Yesterday, in I don't know how many years (ten, twelve?), I did not go out to the zendo to practice zazen. Sundays have been the one fershur day of the week when, whatever else was going on, I would visit this old friend of a building, light some incense and a candle ... and do a little seated meditation. There could be other days during the week when I might visit as well, but Sunday was a fershur day. But not yesterday.
Forty-plus years of practice, ten or twelve of them in the company of the zendo.
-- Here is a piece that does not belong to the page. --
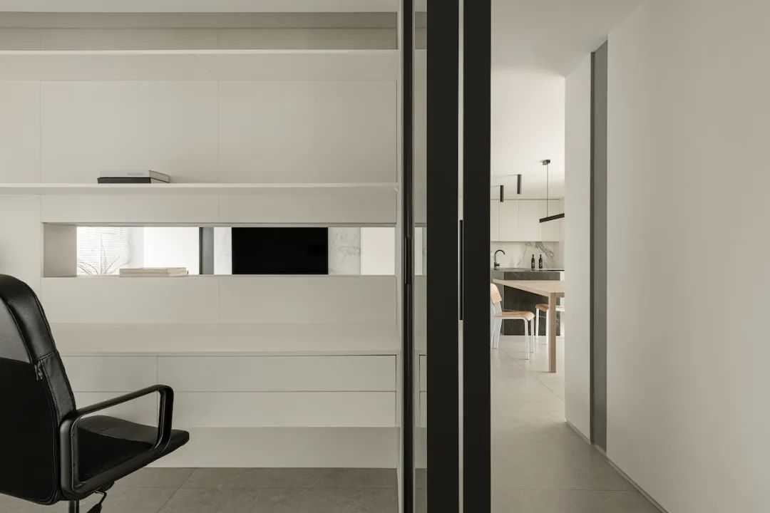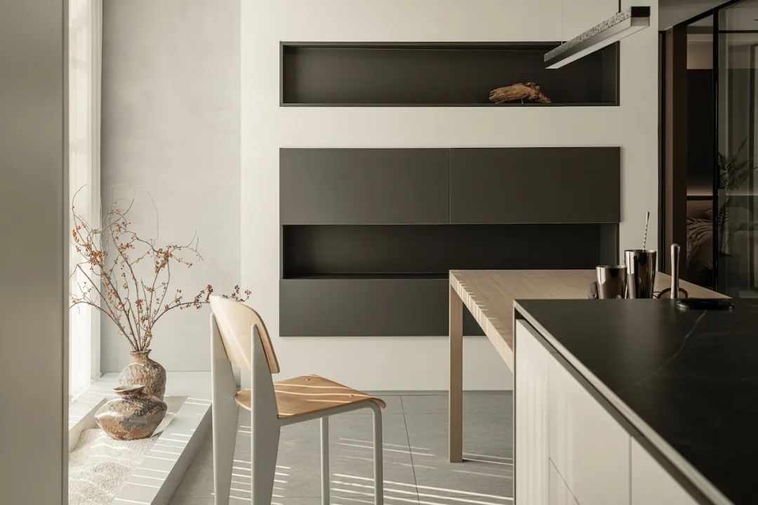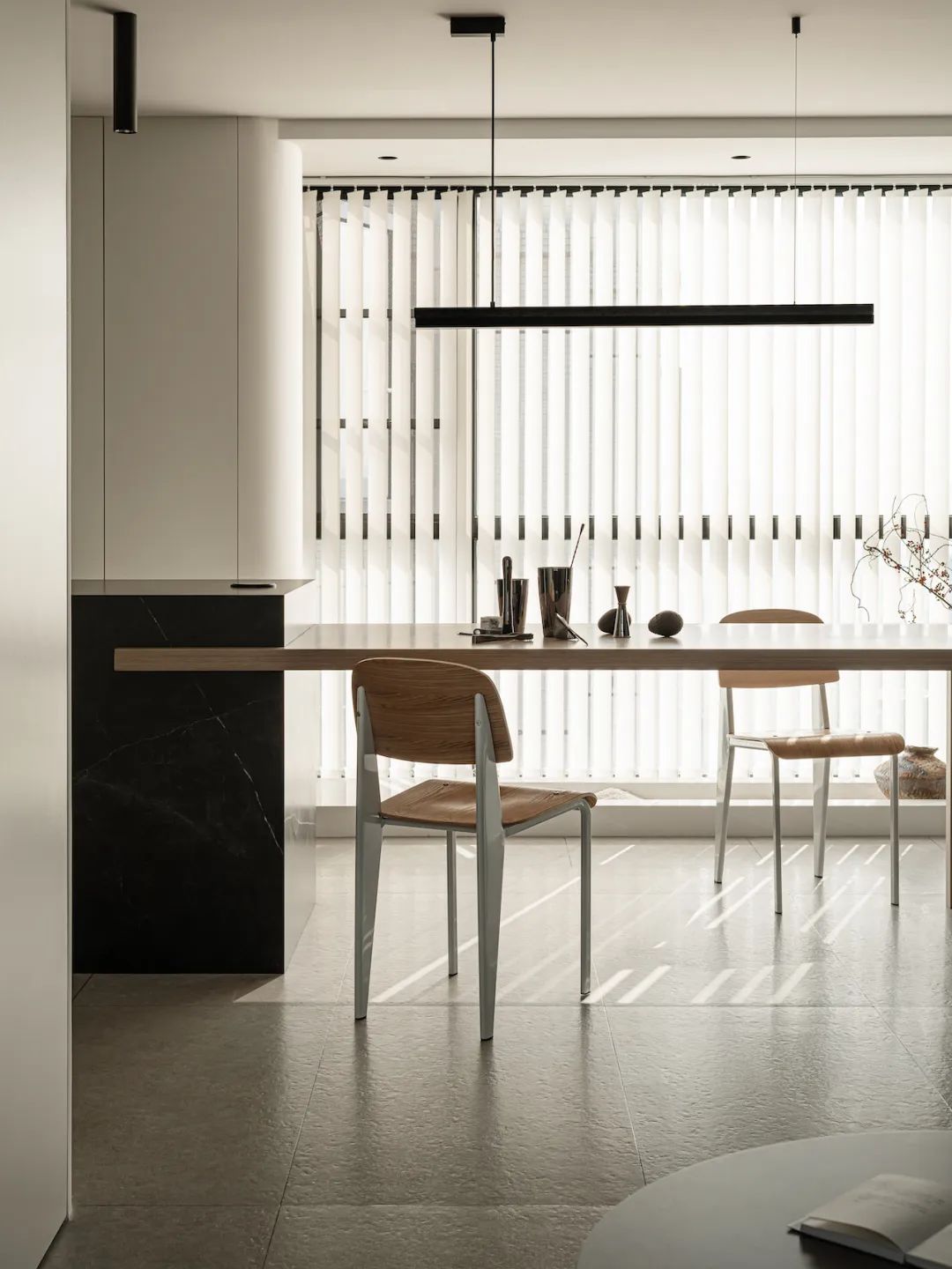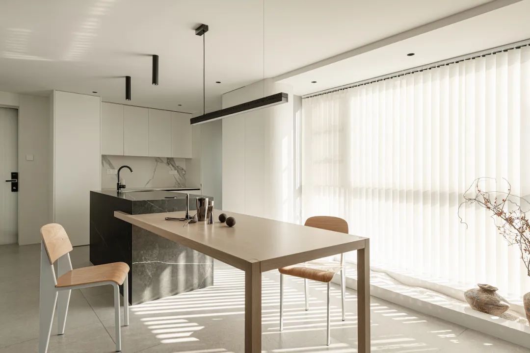 廚房的設計延續極簡的風格,白色的櫥櫃與黑色島台相搭配,兼具美觀性與實用性,細膩的紋理提升了整體空間的質感。利落的線條爲空間帶來極緻舒适的感受,簡潔的色彩高級又耐看。

It was hot yesterday and I don't do well in the heat. It tires me out. Even the encouragement "when it's hot, sweat; when it's cold, shiver" was not enough yesterday. There is something to be said for giving things up as gracefully as possible ... not finding excuses of the "really, you should be comfortable when meditating" variety ... just giving up. Determination is pretty important in spiritual endeavor, but as time passes, the question seems to ask itself, "Determined for what? Is there really something to fear? Aren't you a little old for the 'authority' nonsense?"
The lash of interrupting a pretty consistent bit of determination yesterday was not as compelling, somehow, as the fact that I did not walk out to visit my old friend. I guess I feel pretty paternal about the zendo and can't deny it seems to feel pretty paternal about me.
I didn't go sit in the zendo. I sat in the coolth of the living room.
I hope my old friend will understand.
I hope I will too.
Yesterday I also quit my position as head of the dojo here in Munich, after eight years. I don't plan on quitting zazen altogether quite yet, but it's certainly an interesting coincidence!